Variational diffusion transformers for conditional sampling of supernovae spectra
Authors
Yunyi Shen, Alexander T. Gagliano
Abstract
Type Ia Supernovae (SNe Ia) have become the most precise distance indicators in astrophysics due to their incredible observational homogeneity. Increasing discovery rates, however, have revealed multiple sub-populations with spectroscopic properties that are both diverse and difficult to interpret using existing physical models. These peculiar events are hard to identify from sparsely sampled observations and can introduce systematics in cosmological analyses if not flagged early; they are also of broader importance for building a cohesive understanding of thermonuclear explosions.

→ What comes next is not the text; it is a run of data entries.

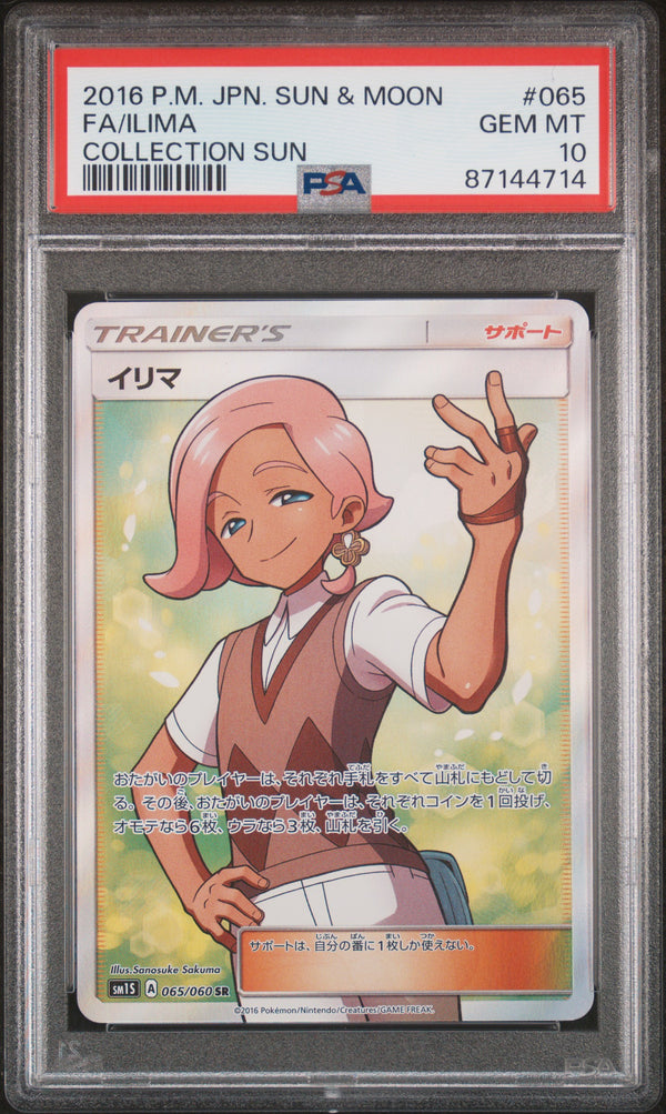 2016 Pokémon Japanese Sun & Moon Collection Sun #065 Ilima FA (PSA 10)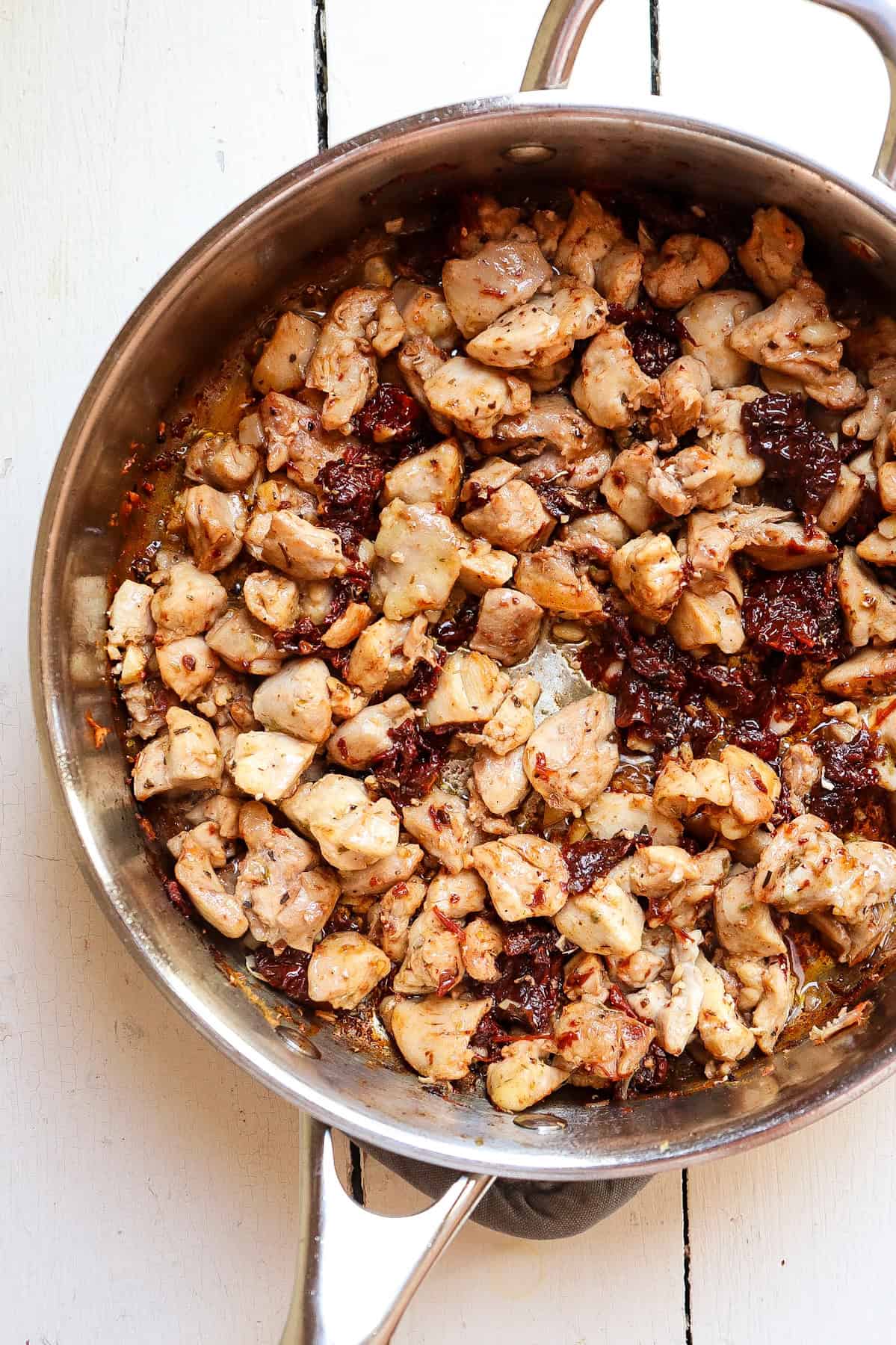 Step 3. To the same pan, add chopped sundried tomatoes, italian seasoning, and minced garlic. Stir and cook for 1 minute, until fragrant.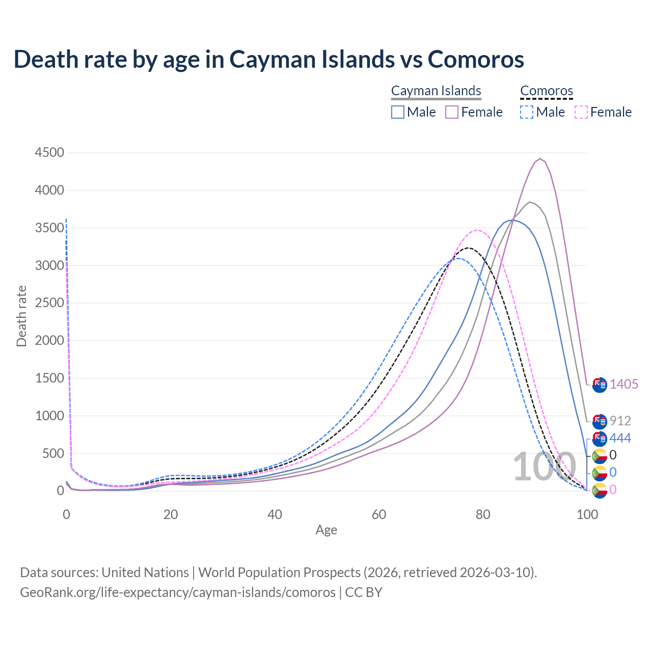 In the Cayman Islands, the most common age of death is 89, compared to 0 in Comoros. The median age of death is 84.9 in the Cayman Islands and 72.9 in Comoros, meaning only half of each cohort is expected to live past that age.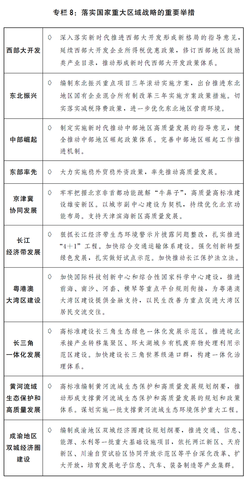 一是落實(shí)落細(xì)重大區(qū)域發(fā)展戰(zhàn)略。落實(shí)區(qū)域協(xié)調(diào)發(fā)展新機(jī)制,持續(xù)推進(jìn)西部大開發(fā)形成新格局,支持東北地區(qū)全面振興全方位振興,健全中部地區(qū)崛起政策體系和工作機(jī)制,繼續(xù)推動(dòng)?xùn)|部地區(qū)率先發(fā)展??v深推進(jìn)京津冀協(xié)同發(fā)展,加快實(shí)施雄安新區(qū)重點(diǎn)建設(shè)項(xiàng)目,完善北京非首都功能疏解政策體系。大力推進(jìn)長江經(jīng)濟(jì)帶生態(tài)環(huán)境突出問題整改和系統(tǒng)性保護(hù)修復(fù),加快構(gòu)建綜合交通運(yùn)輸體系,促進(jìn)內(nèi)河船舶改造。推動(dòng)粵港澳大灣區(qū)基礎(chǔ)設(shè)施互聯(lián)互通,有序開展國際科技創(chuàng)新中心建設(shè),加快橫琴、河套等重大合作平臺(tái)建設(shè)。高標(biāo)準(zhǔn)建設(shè)長三角生態(tài)綠色一體化示范區(qū),推動(dòng)長三角交通一體化更高質(zhì)量發(fā)展,建設(shè)虹橋國際開放樞紐。抓緊做好黃河流域生態(tài)保護(hù)和高質(zhì)量發(fā)展規(guī)劃綱要編制和出臺(tái)實(shí)施工作。大力支持成渝地區(qū)雙城經(jīng)濟(jì)圈建設(shè),打造全國高質(zhì)量發(fā)展的重要增長極。積極推進(jìn)西部陸海新通道建設(shè)。深化對口支援。支持少數(shù)民族和民族地區(qū)加快發(fā)展。推動(dòng)國家級(jí)新區(qū)、開發(fā)區(qū)等功能平臺(tái)創(chuàng)新提升發(fā)展,加快推進(jìn)資源型地區(qū)經(jīng)濟(jì)轉(zhuǎn)型和老工業(yè)城市更新改造。推動(dòng)山西開展能源革命綜合改革試點(diǎn)。繼續(xù)推進(jìn)承接產(chǎn)業(yè)轉(zhuǎn)移示范區(qū)建設(shè),在具備條件的內(nèi)陸城市打造一批高端制造業(yè)基地。制定發(fā)展海洋經(jīng)濟(jì)加快建設(shè)海洋強(qiáng)國的意見。完善主體功能區(qū)戰(zhàn)略和制度,編制《全國國土空間規(guī)劃綱要(2021-2035)》。

In this work, we introduce DiTSNe-Ia, a variational diffusion-based generative model conditioned on light curve observations and trained to reproduce the observed spectral diversity of SNe Ia. In experiments with realistic light curves and spectra from radiative transfer simulations, DiTSNe-Ia achieves significantly more accurate reconstructions than the widely used SALT3 templates across a broad range of observation phases (from 10 days before peak light to 30 days after it). DiTSNe-Ia yields a mean squared error of 0.108 across all phases-five times lower than SALT3's 0.508-and an after-peak error of just 0.0191, an order of magnitude smaller than SALT3's 0.305. Additionally, our model produces well-calibrated credible intervals with near-nominal coverage, particularly at post-peak phases. DiTSNe-Ia is a powerful tool for rapidly inferring the spectral properties of SNe Ia and other transient astrophysical phenomena for which a physical description does not yet exist.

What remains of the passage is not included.